▶ [EXERCISE INSTRUCTIONS]: When you reach the line containing "HOMCOM Side Cabinet" in the records below, set it down exactly, together with every later line through the end, but not the pictures.

Records from a dataset
=-=-=-=-=

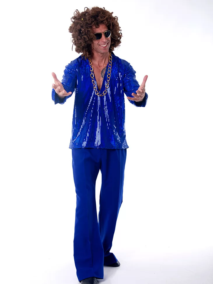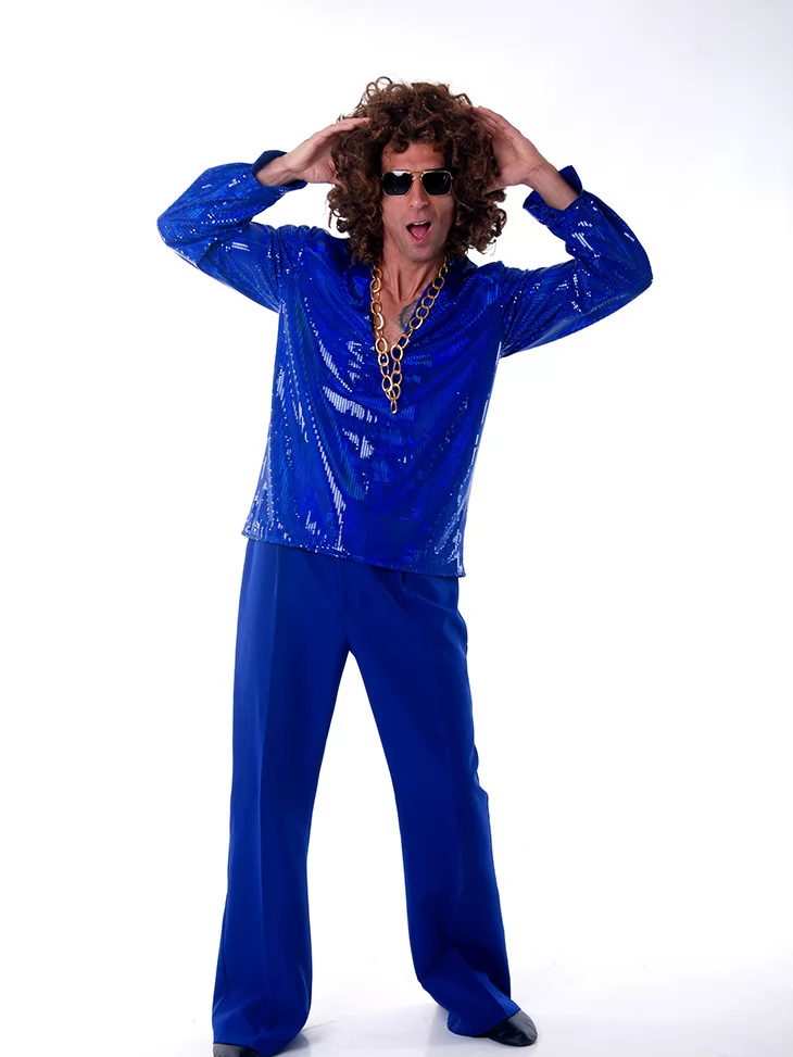 Прокат карнавальних костюмів дає можливість виглядати стильно та святково без зайвих витрат. Обери образ «Сапфірового Повелителя Диско» — і стань головною зіркою танцполу!
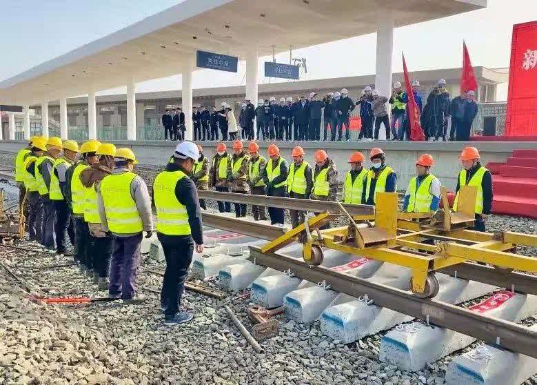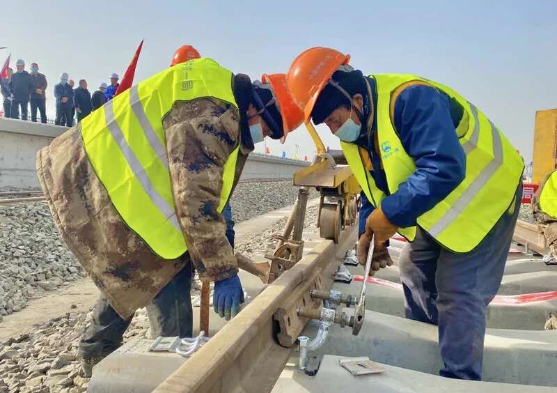 铁路建设者采取倒排计划、咬定施工节点,在确保安全的基础上,实现了单日最高5公里的铺轨进度。
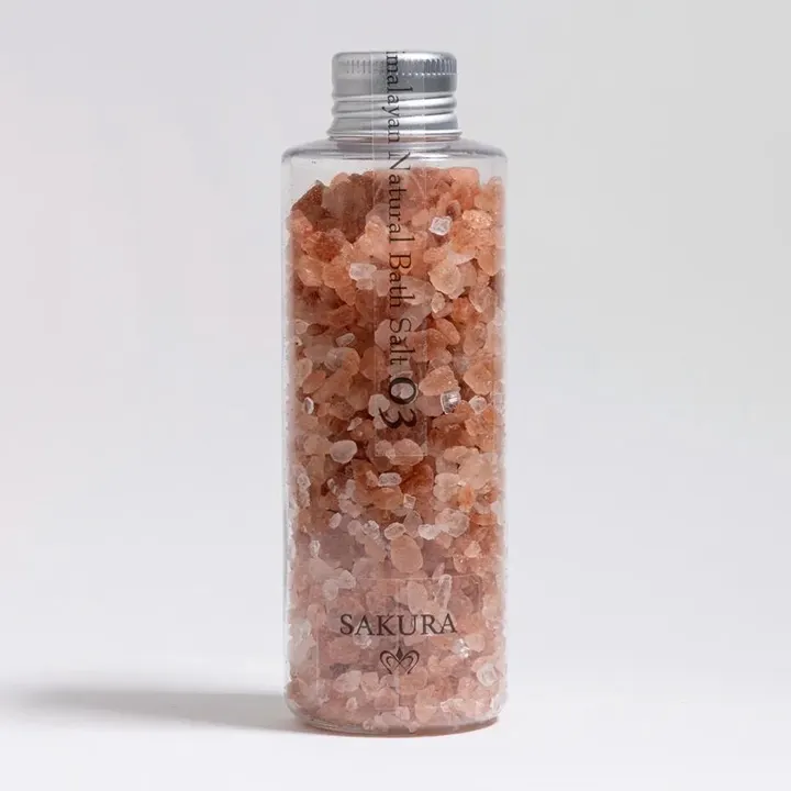 岩塩とエッセンシャルオイルをブレンドしたホテル仕様のアロマバスソルトです。ベースとなるコーラルソルトやダイヤモンドソルトはルビーソルトの持つ酸化還元力はありませんが、岩塩特有の豊富なミネラル成分によりお肌を引き締め、水道水を優しい水へと変化させます。さらに香りをプラスしてリラックス効果を高めました。是非高級ホテルのようなリッチな気分でご家庭のバスタイムをお楽しみください。 香り SAKURA 〜甘くやさしい香り〜 商品特徴 天然ミネラル成分を豊富に含んだヒマラヤ岩塩を使用。肌を引き締めキメを整える作用があります。ゆっくり汗を排出する半身浴にもオススメです。 ご使用方法 浴槽約180Lに対し本製品を20g程度投入しよくかき混ぜてからご入浴下さい。 成分 塩化Na(ミネラル塩)香料(ハーブオイル)
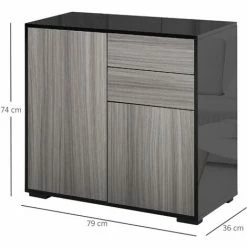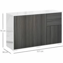 HOMCOM Side Cabinet With 2 Door Cabinet And 2 Drawer For Home Office Grey Black
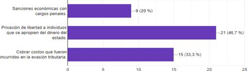 El 46,7% de los encuestados del sector manufacturero consideran que la forma de sanción más óptima es la privación de libertad a individuos que se apropien del dinero del estado, el 33,3% está de acuerdo en que se debería cobrar costos que incurran en la evasión tributaria y el 20% se apliquen sanciones económicas con cargos penales.
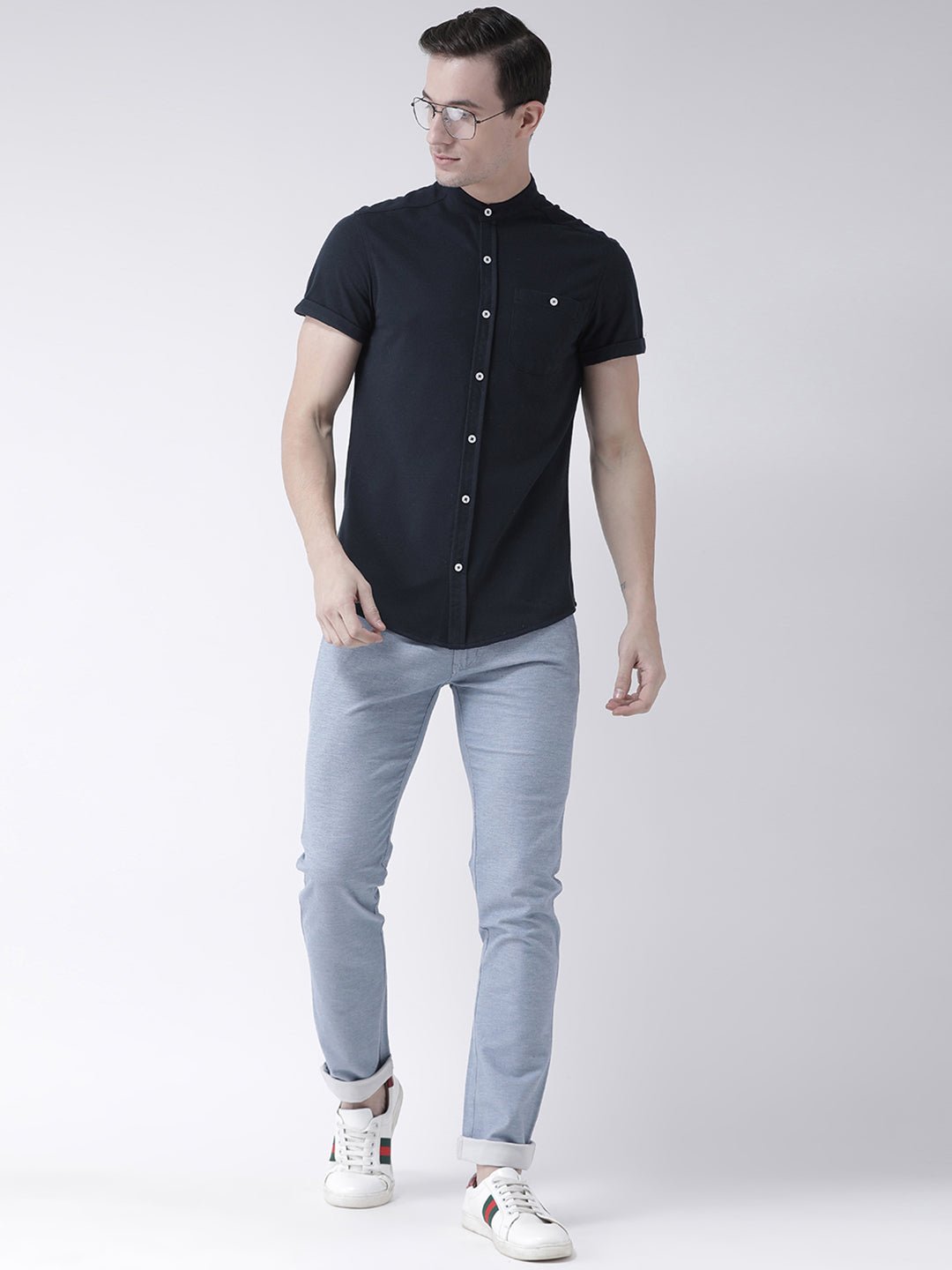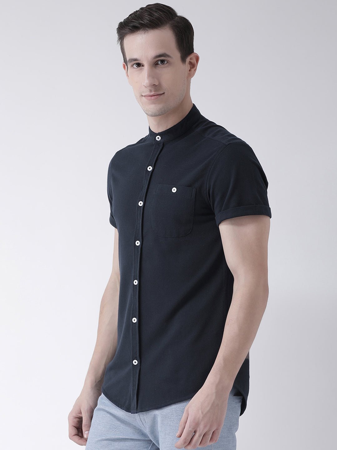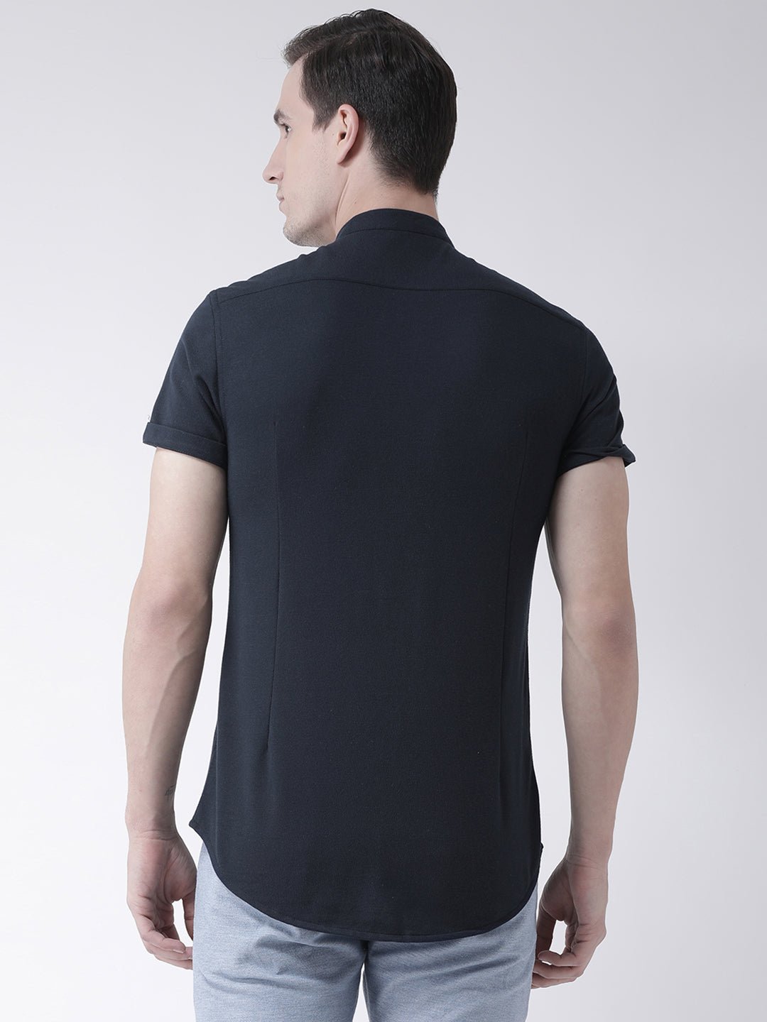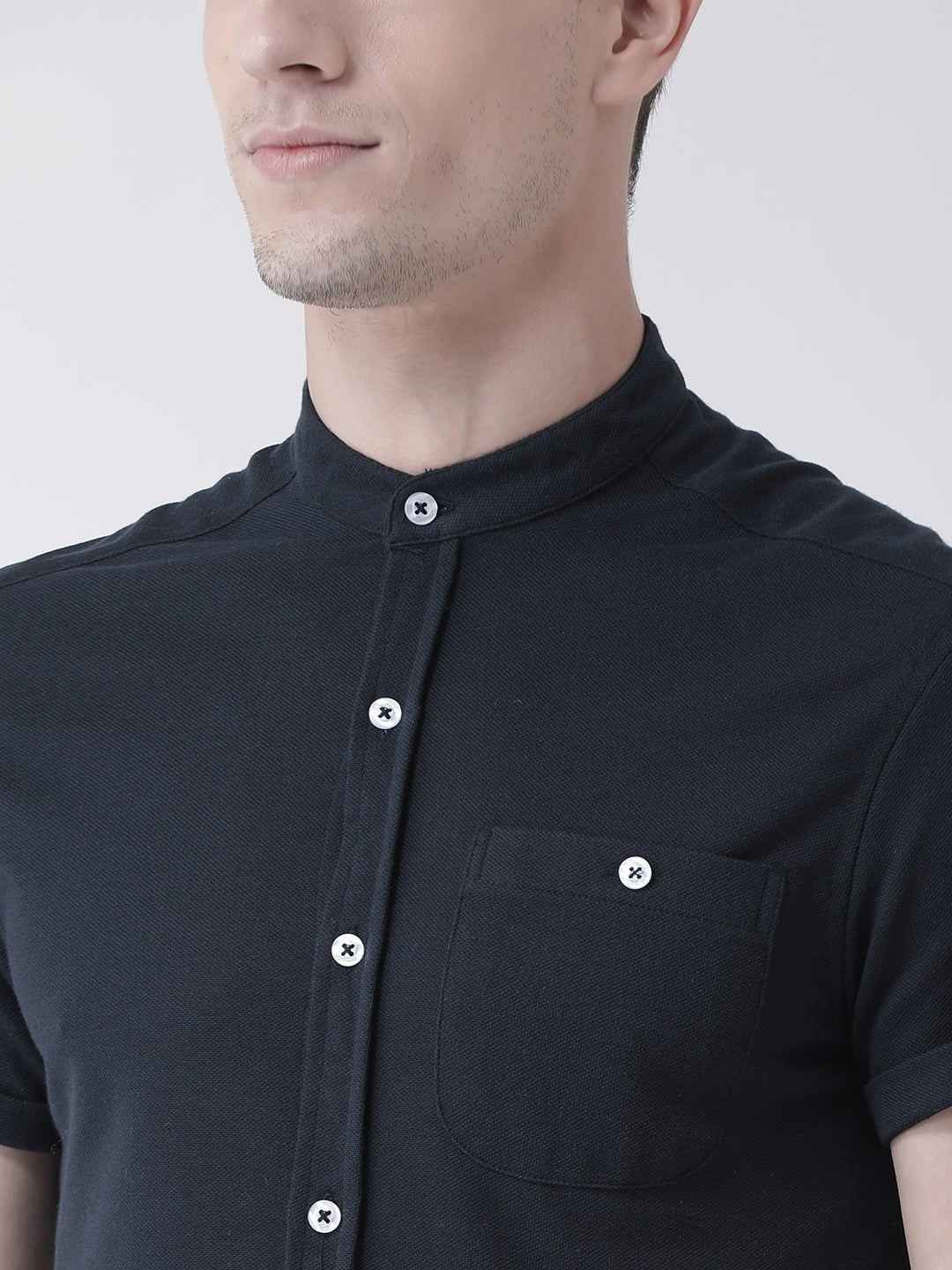 Black Mandarin Knitted Shirt Has Chest Pocket Sm61 5918

=-=-=-=-=

▶ [FINISHED TASK]:
 HOMCOM Side Cabinet With 2 Door Cabinet And 2 Drawer For Home Office Grey Black
 El 46,7% de los encuestados del sector manufacturero consideran que la forma de sanción más óptima es la privación de libertad a individuos que se apropien del dinero del estado, el 33,3% está de acuerdo en que se debería cobrar costos que incurran en la evasión tributaria y el 20% se apliquen sanciones económicas con cargos penales.
 Black Mandarin Knitted Shirt Has Chest Pocket Sm61 5918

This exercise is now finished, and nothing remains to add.